在本教程中,我们将探索 Microsoft Phi-3.5 系列模型。我们将加载 Phi-3.5-mini-instruct 模型并对其进行微调,以根据文本描述对电子商务产品进行分类。在最后的步骤中,我们将演示如何将 LoRA(低秩自适应)与基础模型合并并将其推送到 Hugging Face。这将实现高效的云部署,使模型可用于各种应用程序。

1、 Microsoft Phi-3.5

Microsoft Phi-3.5 引入了三种创新模型:Phi-3.5-mini、Phi-3.5-vision 和最新添加的 Phi-3.5-MoE(混合专家模型)。

Phi-3.5-mini 针对增强的多语言支持进行了优化,具有令人印象深刻的 128K 上下文长度。尽管尺寸较小,但由于通过监督微调、近端策略优化和直接偏好优化进行了严格的增强,它的性能可与大型模型相媲美,从而确保精确遵循指令。

Phi-3.5-vision 是一种尖端的轻量级多模态模型,在由合成数据和过滤的公共网站组成的数据集上进行训练。它在多帧图像理解和推理方面表现出色,使其成为详细图像比较、多图像摘要/故事讲述和视频摘要的理想选择,具有广泛的应用潜力。

杰出的模型 Phi-3.5-MoE 采用混合专家架构,拥有 16 位专家和 66 亿个活动参数。它提供卓越的性能、更低的延迟和强大的安全性,以及全面的多语言支持。
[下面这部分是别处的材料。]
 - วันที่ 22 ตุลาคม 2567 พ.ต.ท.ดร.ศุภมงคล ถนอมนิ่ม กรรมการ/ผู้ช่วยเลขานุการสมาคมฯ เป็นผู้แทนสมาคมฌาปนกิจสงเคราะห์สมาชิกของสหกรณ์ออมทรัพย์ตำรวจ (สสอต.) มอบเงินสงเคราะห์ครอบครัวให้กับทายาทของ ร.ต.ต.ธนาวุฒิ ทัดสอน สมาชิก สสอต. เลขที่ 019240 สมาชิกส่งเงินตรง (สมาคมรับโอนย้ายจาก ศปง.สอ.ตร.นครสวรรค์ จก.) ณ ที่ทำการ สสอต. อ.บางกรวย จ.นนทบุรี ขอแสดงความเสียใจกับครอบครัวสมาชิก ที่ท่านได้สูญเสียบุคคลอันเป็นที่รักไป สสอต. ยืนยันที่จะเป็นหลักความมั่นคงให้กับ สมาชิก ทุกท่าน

Phi-3.5 模型系列为开源社区提供经济高效、高性能的解决方案,推动小型语言模型和生成式 AI 的发展。

2、访问Phi-3.5 模型

在本节中,我们将加载 Phi-3.5-mini-instruct 模型并在 Kaggle 平台中运行模型推理。

在启用 T4x2 GPU 的情况下启动会话:

使用 pip 命令安装所有必要的 Python 包。

%%capture
%pip install -U transformers accelerate

使用 Transformers 库加载完整模型和 tokenizer。

使用模型和 tokenizer 创建文本生成管道。

from transformers import AutoTokenizer,AutoModelForCausalLM,pipeline
import torch

base_model = "microsoft/Phi-3.5-mini-instruct"

tokenizer = AutoTokenizer.from_pretrained(base_model)
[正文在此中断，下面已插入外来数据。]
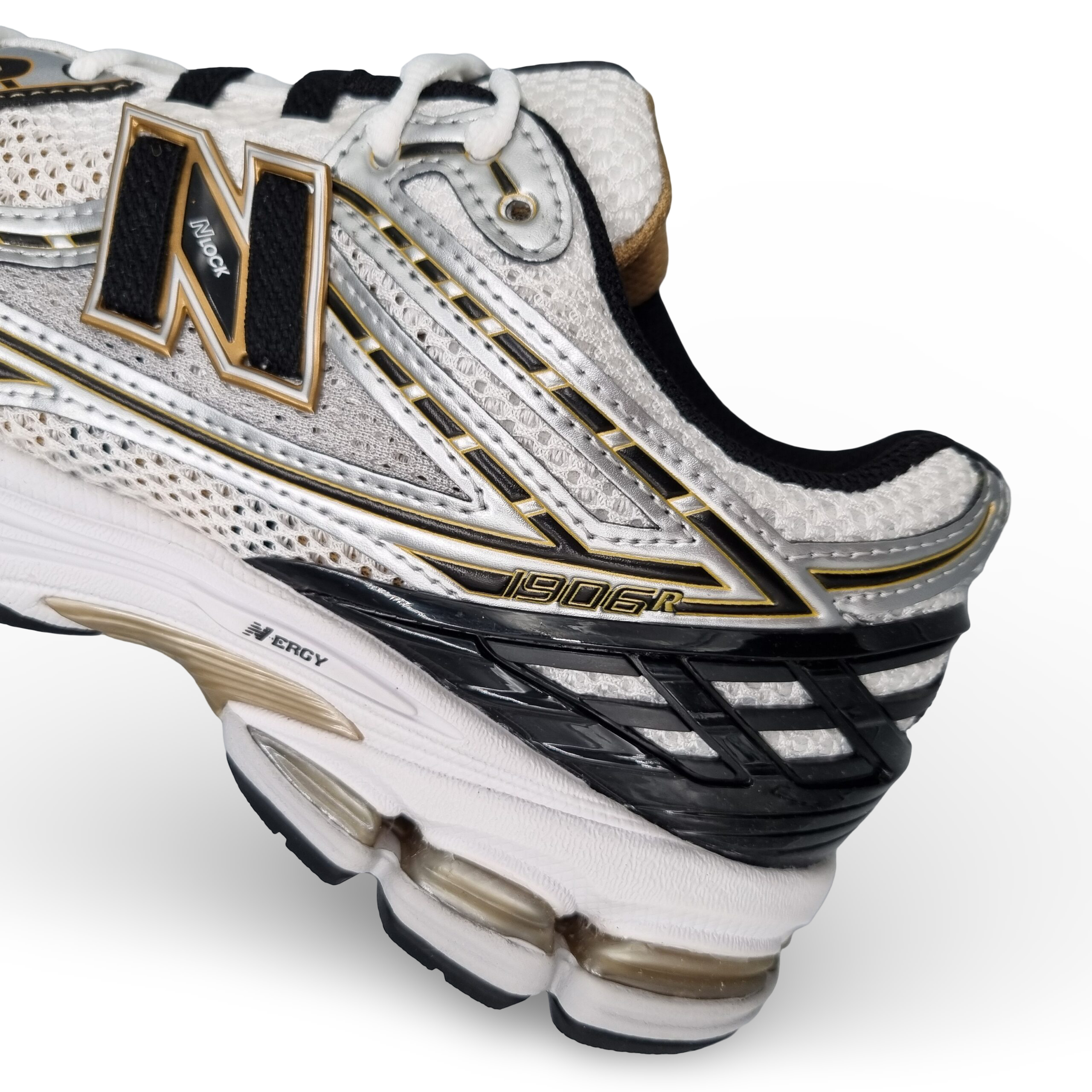 Strahlendes Weiß trifft auf edle Metallic-Gold-Akzente und verleiht dem technischen Look des 1906R eine hochwertige, fast schon glamouröse Note. Die perfekte Balance aus Retro-Vibes und modernem Streetwear-Appeal.

model = AutoModelForCausalLM.from_pretrained(
        base_model,
        return_dict=True,
        low_cpu_mem_usage=True,
        torch_dtype=torch.float16,
        device_map="auto",
        trust_remote_code=True,
)


pipe = pipeline(
    "text-generation",
    model=model,
    tokenizer=tokenizer,
    torch_dtype=torch.float16,
    device_map="auto",
)

使用系统提示和用户查询创建消息,并使用聊天模板将其转换为聊天提示。

通过向管道提供提示来生成响应。

messages = [
    {"role": "system", "content": "You are a helpful assistant."},
    {"role": "user", "content": "What is the tallest building in the world?"}
]

# Apply the chat template to the messages
prompt = tokenizer.apply_chat_template(messages, tokenize=False, add_generation_prompt=True)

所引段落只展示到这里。